Can I be honest, though? 3.1 miles seems like a lot longer than it actually is. Maybe it was the turn-around point, or maybe it was because I’ve driven the route so many times… I’m not sure. And it’s definitely different from walking a track or running the same distance on an elliptical. I came in at 1:02:38, which is about what I expected for a 3-ish mile walk (I’ve got short little legs, remember?), but it was still shorter than the times of some people who chose to run it. Maybe next year. As I rounded the corner to go back to the main staging area, I saw my mom, sister, and boyfriend walking towards me to congratulate me. I was informed that I could use a shower, but they still took me to McDonalds for me to indulge in a large Coke and fries. I didn’t give either of those things up for Lent, but the day I inexplicably went on a Coca-Cola hiatus just happened to coincide with Ash Wednesday. I’m very glad that I challenged myself with this 5k.

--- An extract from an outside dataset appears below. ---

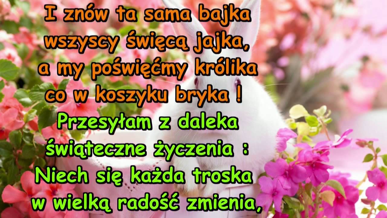 Biały króliczek wśród kwiatów i piękne życzenia "I znów ta sama bajka, wszyscy święcą jajka, a my poświęćmy królika co w koszyku bryka. Przesyłam z daleka świąteczne życzenia: Niech się każda troska w wielką radość zmienia".

Giving up excuses for Lent really helped me prepare for this, and blogging about my goal probably helped, too. Thank you all for your encouragement, tips, and suggestions along the way. So what’s next for me? I don’t quite know yet. Let me graduate in May with my Master’s degree and we’ll go from there. But, it’s very likely that I’ll be accumulating more race bibs in the future!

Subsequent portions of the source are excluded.